One way we will do better is by having much clearer accountability. The NAD is a tremendously important figure in that. We will also make sure that we shorten our acquisition timescales. We cannot just have CADMID— concept, assessment, demonstration, manufacture, in service and disposal—for everything, with pre-contract phases and so on. We cannot do that any longer. We are not in times when we can get away with taking 10 years to produce something that is not quite what we wanted in the first place. There has been too much of that, and that is why we are segmenting our acquisition budget. The NAD will be in charge of delivering the capabilities that all our services need in much shorter timescales.

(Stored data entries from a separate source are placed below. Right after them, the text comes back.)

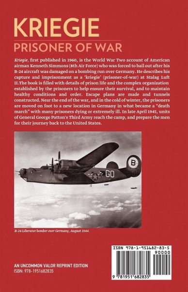 Kriegie: Prisoner of War, first published in 1960, is the World War Two account of American airman Kenneth Simmons (8th Air Force) who was forced to bail out after his aircraft was damaged on a bombing run over Germany. He describes his capture and imprisonment as a 'kriegie' (prisoner-of-war) at Stalag Luft II. The book is filled with details of prison life and the complex organization established by the prisoners to help ensure their survival, and to maintain healthy conditions and order. Escape plans are made and tunnels constructed. Near the end of the war, and in the cold of winter, the prisoners are moved on foot to a new location in Germany in what became a "death march" with many prisoners dying or extremely ill. In late April 1945, units of General George Patton's Third Army reach the camp, and prepare the men for their journey back to the United States.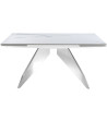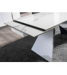 Mesa de jantar extensível retangular com tampo em mármore com acabamento brilhante e pés em aço inoxidável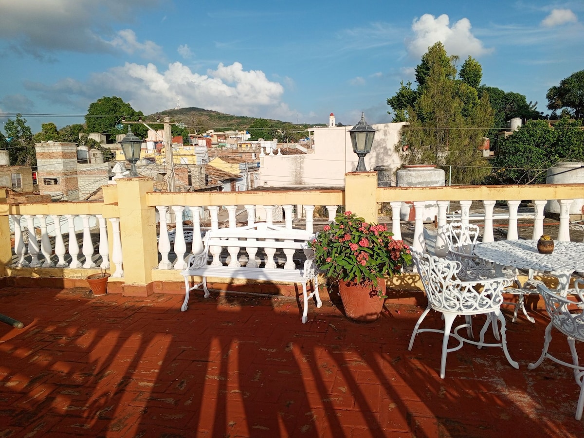這是一棟位於市中心的折中主義風格房屋,距離特立尼達歷史中心僅300公尺,是您度過難忘假期的理想之地,讓您有賓至如歸的感覺。 獨立房間,配有獨立浴室、空調、冰箱和露臺。 提供美食服務、洗衣、計程車、遊覽、古巴雞尾酒。 從露台眺望台可欣賞山景、海景和城市歷史古蹟。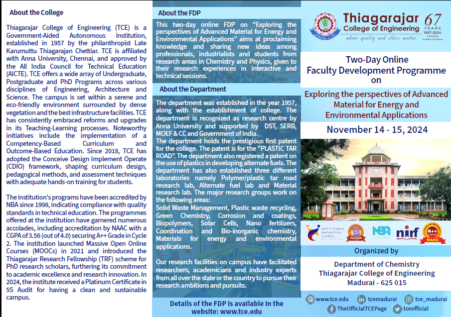 FDP on “Exploring the perspectives of Advanced Material for Energy and Environmental Applications.” during 14.11.24 & 15.11.24 by the Department of Chemistry. 72 participants from different higher learning institutes participated in the program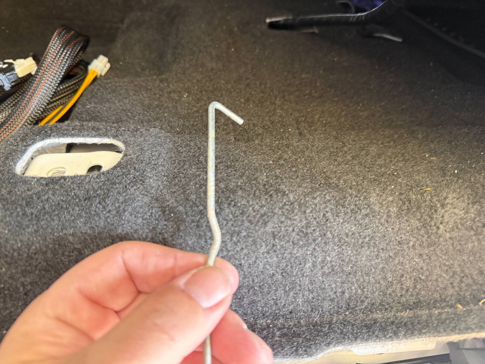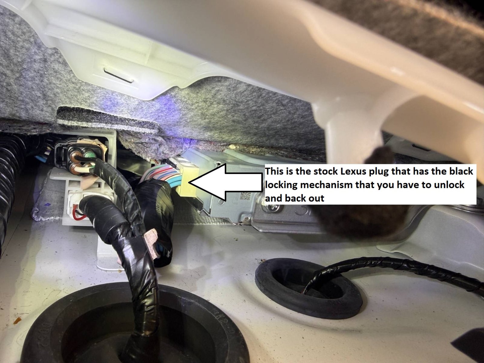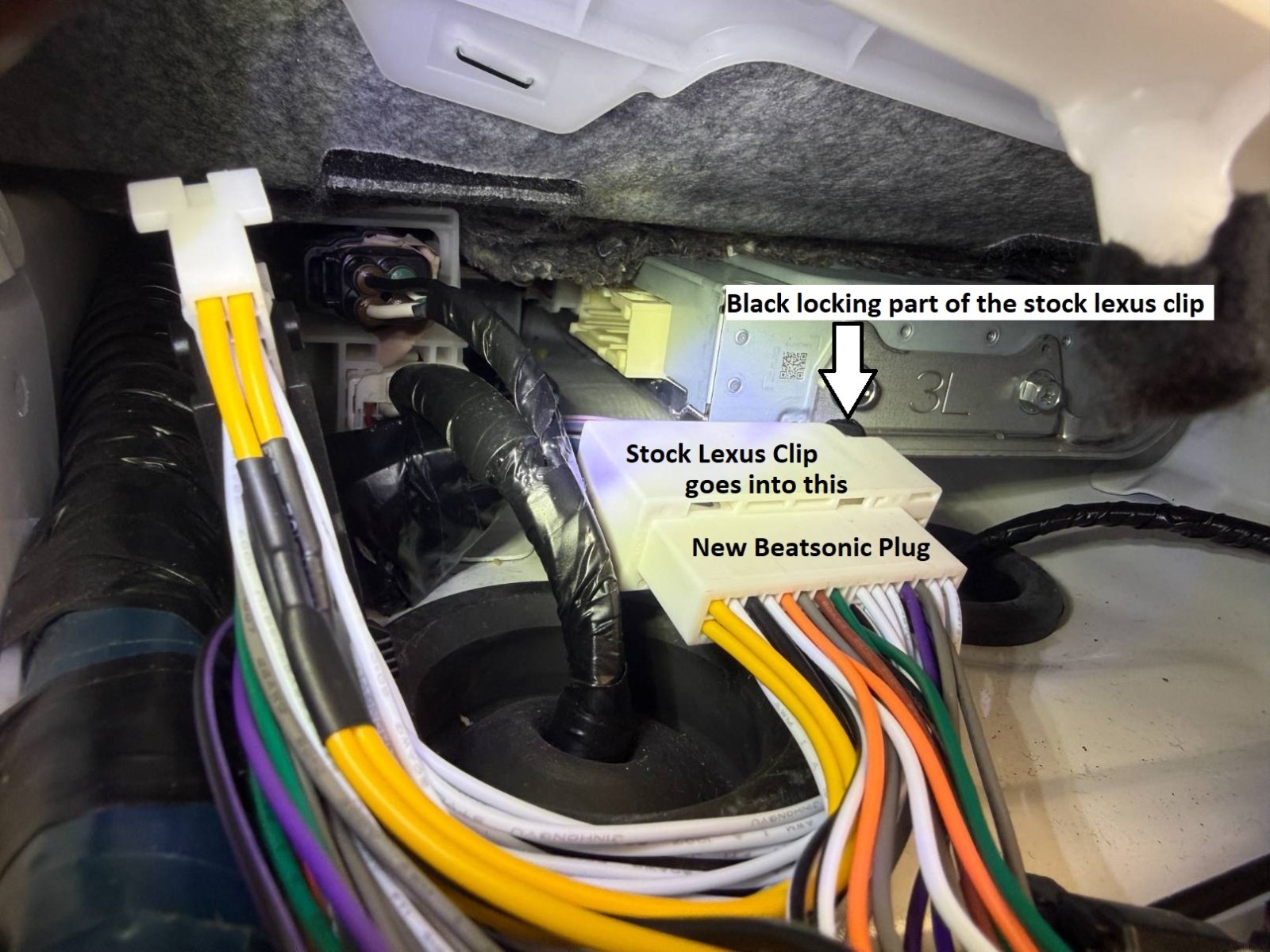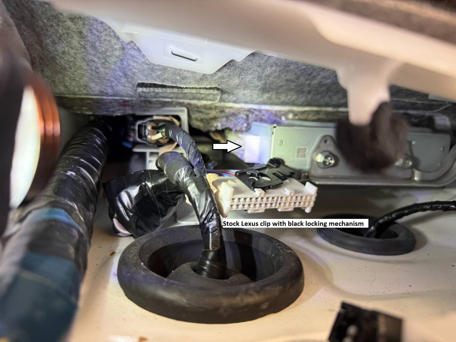 My fat fingers couldn't press the black locking mechanism button to release the stock Lexus plug that is plugged into the stock amplifier so I used a tent stake to reach in and press the button and then I jammed my hand in and was able to yank back the clip. Then it took an act of God to back the actual plug out of the amp - there are other wires & clips in the way that prevent the main clip from backing out. I just pushed the other clips forward to make some room.

As for drones and that kind of capability, we are trying to get to contract within three months. By standing up UK Defence Innovation with a ringfenced budget of £400 million this year, and 10% of our investment budget in future, we aim to ensure that there is the money to innovate fast and get lethality into the hands of our warfighters faster. That is essential. We need to shorten the time it takes to get there, even for nuclear submarines. Members will have seen the aspiration in the SDR to get the time to contract down from an average of six years for those kinds of things to two years. That is a challenging aim.
On spiral upgrades and the new radars for our existing capabilities, we need to make sure that we get the time to contract down to a year. We need a much faster pace of innovation, change and improvement. The NAD will be responsible for that. There will be direct lines of accountability, and direct budget lines for which he is accountable. We have to ensure culture change to empower those at a lower level, so that we do not slip back into the old way of doing things. That is a challenge, but we need to meet it, given the times we are in.
The hon. Member is going to ask me about the new medium helicopter.
The Minister must be a mind reader. Will she give us a timescale for when the new medium-lift helicopter contract will be awarded? I hope it will be awarded to Leonardo in my constituency.
I am not making any announcements today, but I have heard what the hon. Member said, and I want these matters dealt with more swiftly than in the past. He needs to listen out, because the announcement will come in due course.
We are undertaking this defence reform to make a real difference to acquisition and a real improvement to our procurement, to stop wasting money, and to get things into the hands of our warfighters faster. We can argue about money, as the hon. Member for South Suffolk (James Cartlidge) likes to, but we must do better with the money that we receive, because the money allocated to defence could be spent on other things—on hospitals, schools, and helping people with their needs at home.
We all accept that we have to show the public—the voters—that we are spending the money in a way that provides us with maximum value. I know that the Select Committee will help the Government to do that, and I am determined to ensure that we do it. That is what defence reform means.
The Minister mentioned money, and it is brilliant that she is engaging in that debate. I mentioned the 2.6% issue. This is very important; the pledge is for 2.6% of GDP by 2027. In written parliamentary answers, we are not being told what quantum of money will be added to the Ministry of Defence budget—namely, what the intelligence spend will be, and the spend on the Foreign Office items outside Chagos. Will the Minister tell what that quantum is, so that we know whether the MOD will really be spending 2.5% on the core defence budget?
What the hon. Gentleman said at the beginning of his speech was very simple, I must say. I understand the point that he has made, although I have not seen the answers to which he has referred, so I shall have to take his point away. I am happy to discuss it with him on another occasion, but I cannot give him an answer today.
I deliberately included a little bit about recruitment and retention in my speech. There will, I think, be a tension between the armaments director and the Chief of the Defence Staff over recruitment versus the budget for equipment. It is not possible to suddenly turn on the tap and recruit more people; it takes time. Can the Minister say anything today about when she will start to ramp up that recruitment?
A great deal of effort is already being made. Both the Minister for Veterans and People and the Minister for the Armed Forces are leading a number of efforts to improve recruitment and retention. As the House will know, in a “flow and stock” situation, it takes time to turn around a long-standing trend, and unfortunately the last Government did not meet the recruitment targets for the armed forces in any one of their 14 years. This is like turning around a supertanker. We have already made some reforms to try to speed up the time that it takes to recruit a young person who wants to join the forces, and that will start to show results in due course.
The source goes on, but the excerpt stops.